= Beginning of Section =

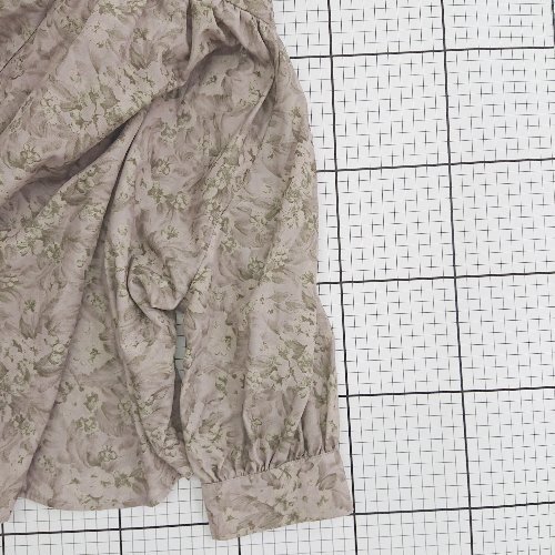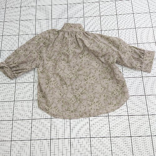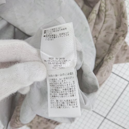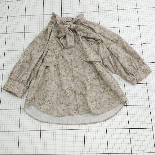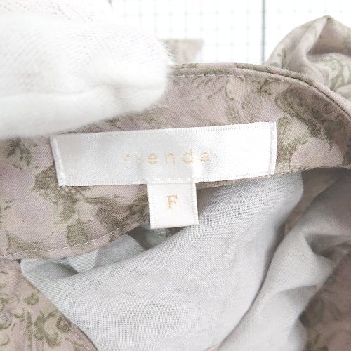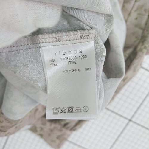 ◇ ⊂ rienda リエンダ 柄入り 半袖 半袖シャツブラウス サイズF グレー グリーン系 レディース E
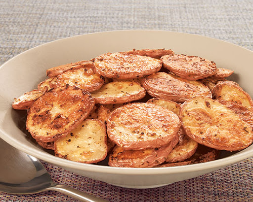 Preheat oven to 375°. Place the potatoes on a rimmed baking sheet. Sprinkle generously with the CREAMY PEPPERCORN. Drizzle with the olive oil and stir to coat the potatoes evenly. Bake at 375° for 45 minutes, turning every 15 minutes, until golden brown.
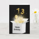 Guld-ballonger och mousserande ljusstrålar glöd i en vit låda på svart bakgrund under 73 år
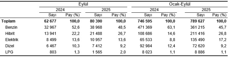 Ocak-Eylül döneminde trafiğe kaydı yapılan 789 bin 627 otomobilin yüzde 45,7’si benzinli, yüzde 26,8’i hibrit, yüzde 17,2’si elektrikli olarak öne çıktı.
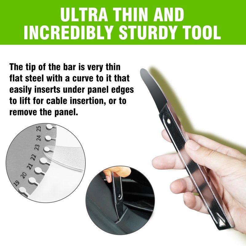 - Compact & Ultra Thin: The length of the trim panel removal tool is 7.1'' x 1'' size, The tip of the bar is very thin flat steel (23GA) with a curve to it that easily inserts under panel edges to lift for cable insertion, or to remove the panel.
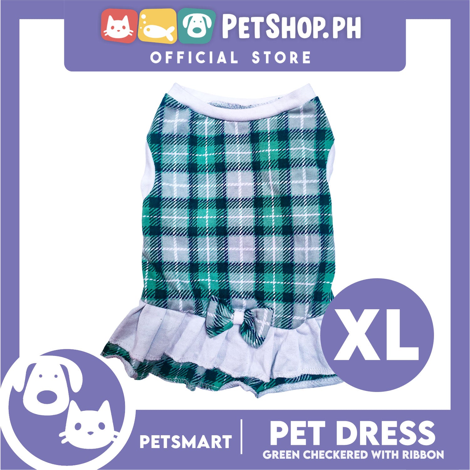 Pet Dress Checkered Green With Ribbon Dress DG-CTN114XL (XL) Perfect Fit For Dogs And Cats, Breathable Dress Clothes, Soft Lightweight Pet Clothing
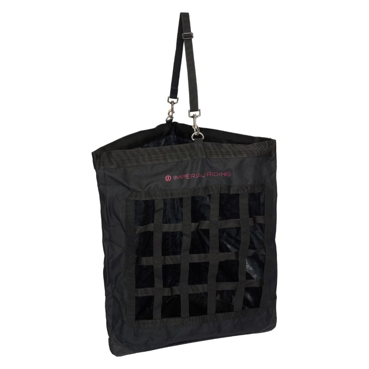 Hjørne høpose fra Imperial Ridning. Denne høpose er den ideelle høpose til stalden. Den trekantede form gør den perfekt til at hænge i hjørner, samt de små masker giver hesten en længere tyggetid.
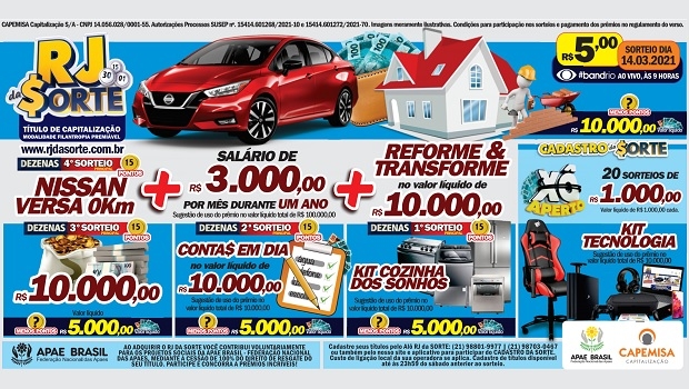 No ‘Cadastro da Sorte’, serão 20 sorteios de R$ 1.000 no ‘Xô Aperto’ e um super ‘Kit Tecnologia’, com computador top de linha e poltrona gamer e mais; para quem incluir os dados do título no site e aplicativo do RJ DA SORTE®, ou comprar online até 13/03.
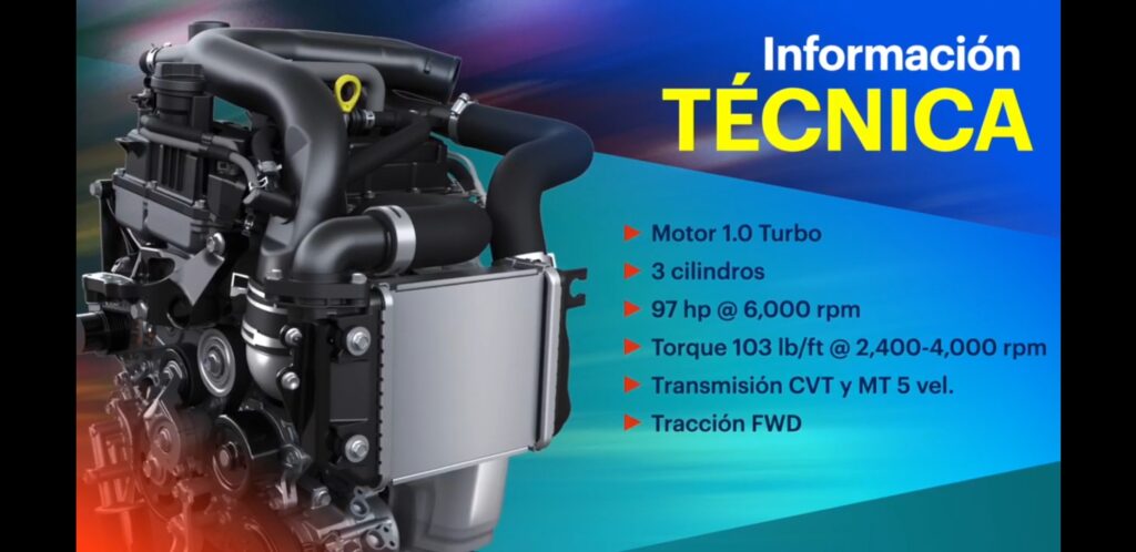 Esta pequeña camioneta SUV, cuenta con un motor de 1.0 litros turbo de desplazamiento, de 3 cilindros, 97 caballos de poder y 103 lb. pie de torque, con dos opciones de cajas de velocidades; una CVT y una manual de 5 velocidades.
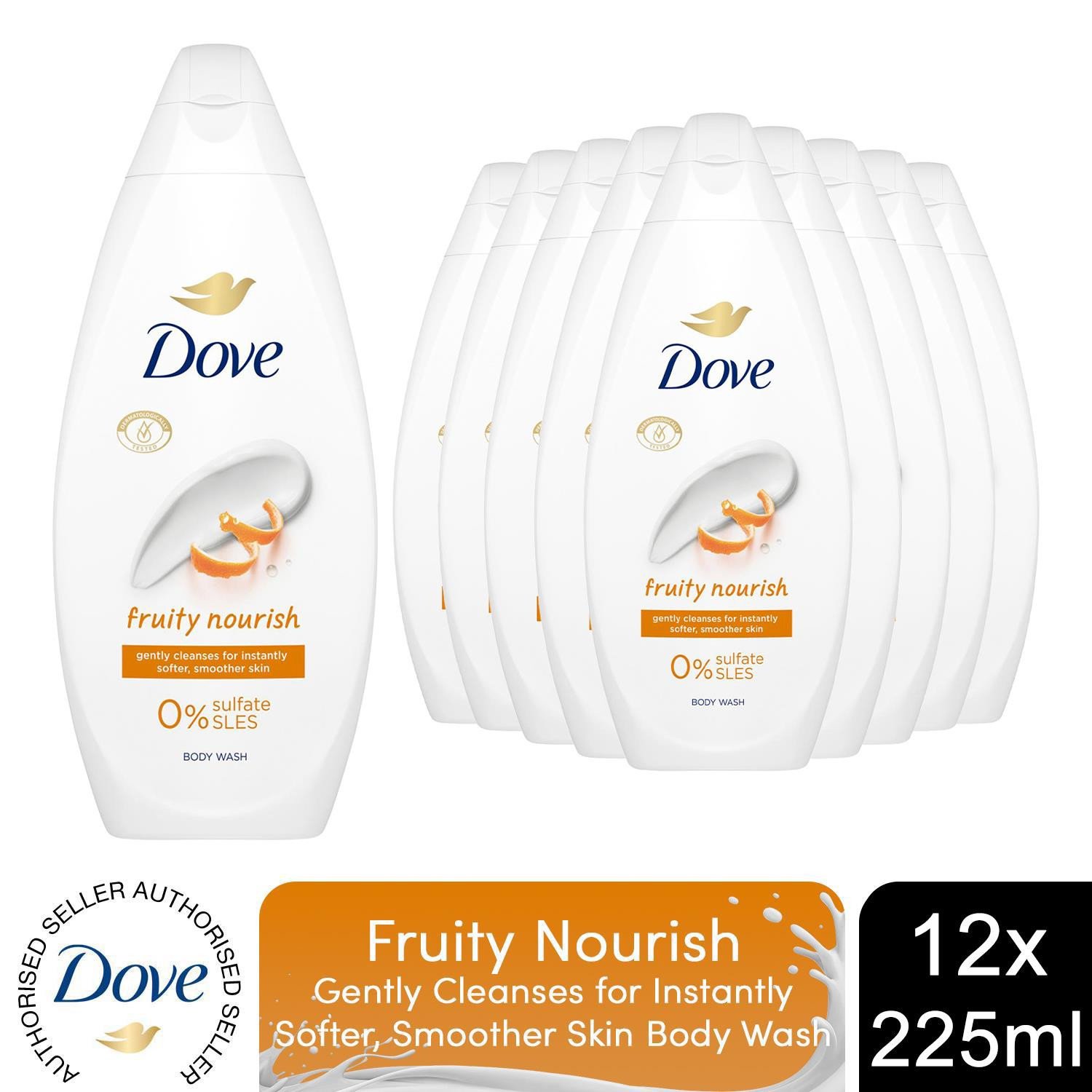 Dove Fruity Nourish Body Wash 0% Sulfate SLES for Soft & Smoother Skin, 12x225ml
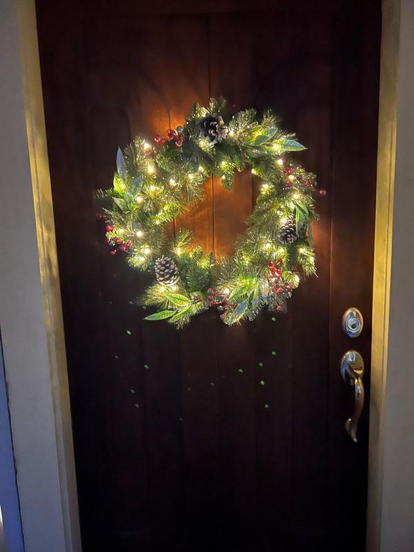 How disappointing! The wreath is nothing like the photo. The leaves and berries are not at all realistic, they're plastic and covered in sparkles. The wreath is very sparse and fake looking. The sparkles get everywhere. The lights and timer seem to work but the wreath is going back.
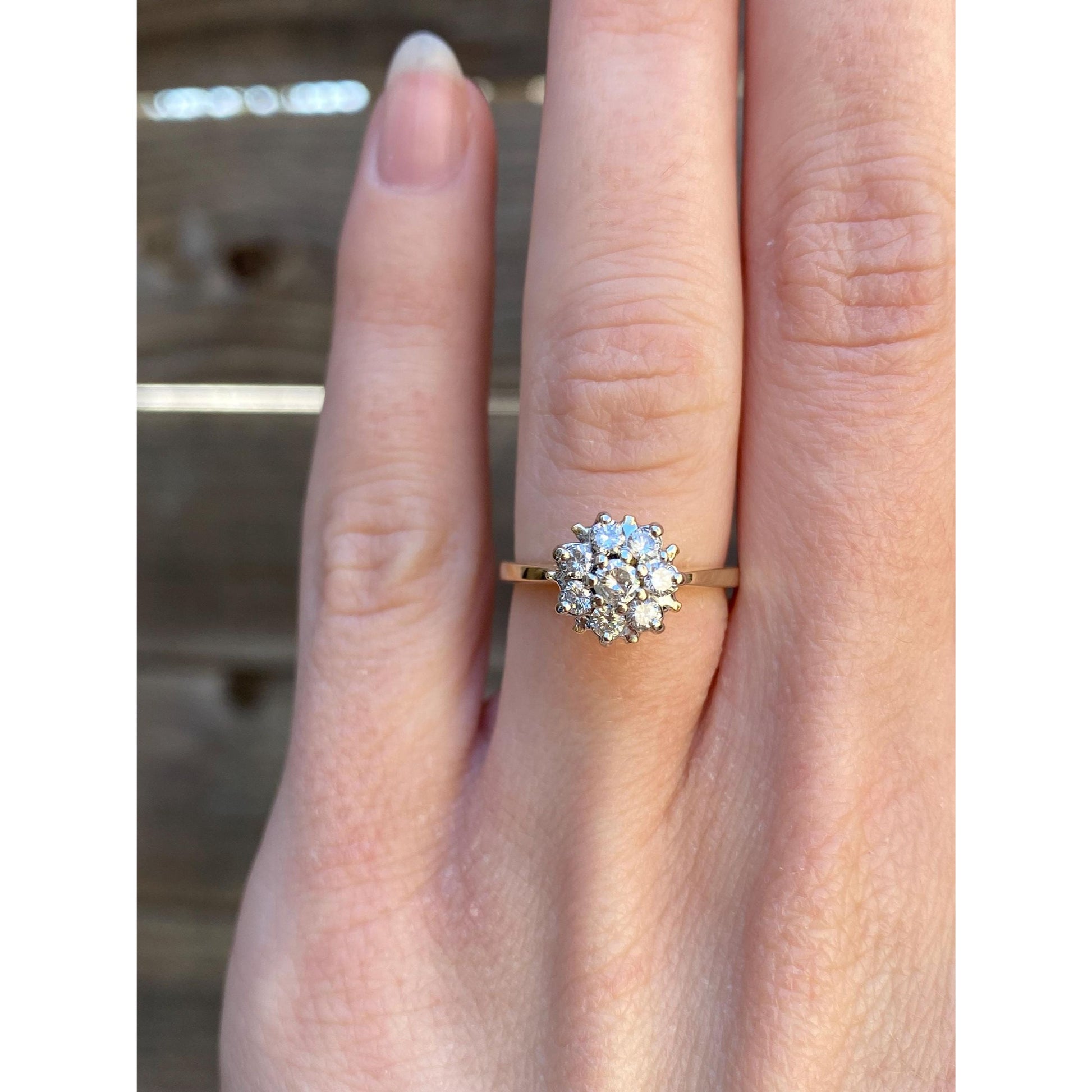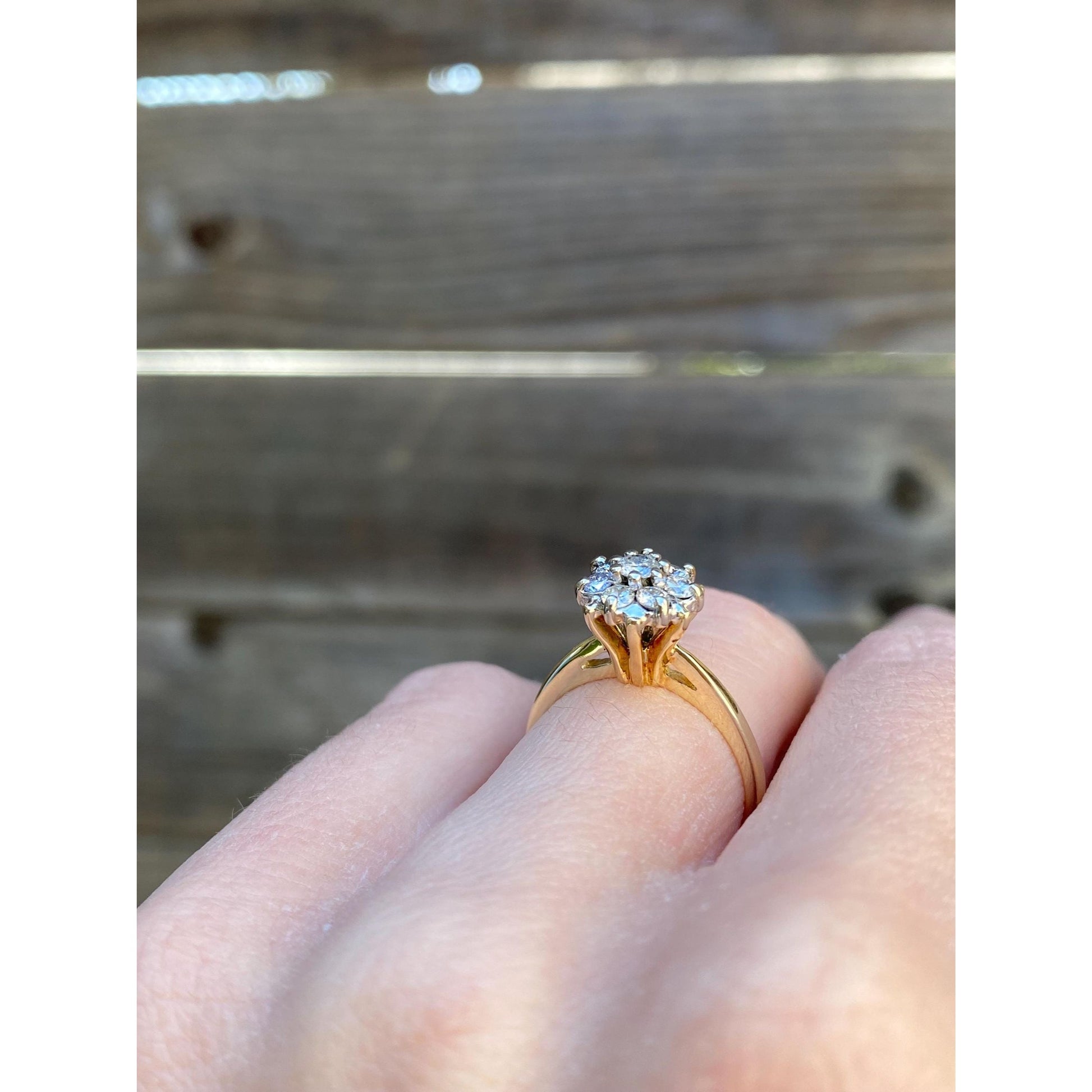 Vintage Solid 14k Yellow Gold Diamond Cluster Ring - Size 4.75

= End of Section =

> _Description of the task_: Write out the listing above exactly, images omitted.

> _Exercise solution_:
 ◇ ⊂ rienda リエンダ 柄入り 半袖 半袖シャツブラウス サイズF グレー グリーン系 レディース E
 Preheat oven to 375°. Place the potatoes on a rimmed baking sheet. Sprinkle generously with the CREAMY PEPPERCORN. Drizzle with the olive oil and stir to coat the potatoes evenly. Bake at 375° for 45 minutes, turning every 15 minutes, until golden brown.
 Guld-ballonger och mousserande ljusstrålar glöd i en vit låda på svart bakgrund under 73 år
 Ocak-Eylül döneminde trafiğe kaydı yapılan 789 bin 627 otomobilin yüzde 45,7’si benzinli, yüzde 26,8’i hibrit, yüzde 17,2’si elektrikli olarak öne çıktı.
 - Compact & Ultra Thin: The length of the trim panel removal tool is 7.1'' x 1'' size, The tip of the bar is very thin flat steel (23GA) with a curve to it that easily inserts under panel edges to lift for cable insertion, or to remove the panel.
 Pet Dress Checkered Green With Ribbon Dress DG-CTN114XL (XL) Perfect Fit For Dogs And Cats, Breathable Dress Clothes, Soft Lightweight Pet Clothing
 Hjørne høpose fra Imperial Ridning. Denne høpose er den ideelle høpose til stalden. Den trekantede form gør den perfekt til at hænge i hjørner, samt de små masker giver hesten en længere tyggetid.
 No ‘Cadastro da Sorte’, serão 20 sorteios de R$ 1.000 no ‘Xô Aperto’ e um super ‘Kit Tecnologia’, com computador top de linha e poltrona gamer e mais; para quem incluir os dados do título no site e aplicativo do RJ DA SORTE®, ou comprar online até 13/03.
 Esta pequeña camioneta SUV, cuenta con un motor de 1.0 litros turbo de desplazamiento, de 3 cilindros, 97 caballos de poder y 103 lb. pie de torque, con dos opciones de cajas de velocidades; una CVT y una manual de 5 velocidades.
 Dove Fruity Nourish Body Wash 0% Sulfate SLES for Soft & Smoother Skin, 12x225ml
 How disappointing! The wreath is nothing like the photo. The leaves and berries are not at all realistic, they're plastic and covered in sparkles. The wreath is very sparse and fake looking. The sparkles get everywhere. The lights and timer seem to work but the wreath is going back.
 Vintage Solid 14k Yellow Gold Diamond Cluster Ring - Size 4.75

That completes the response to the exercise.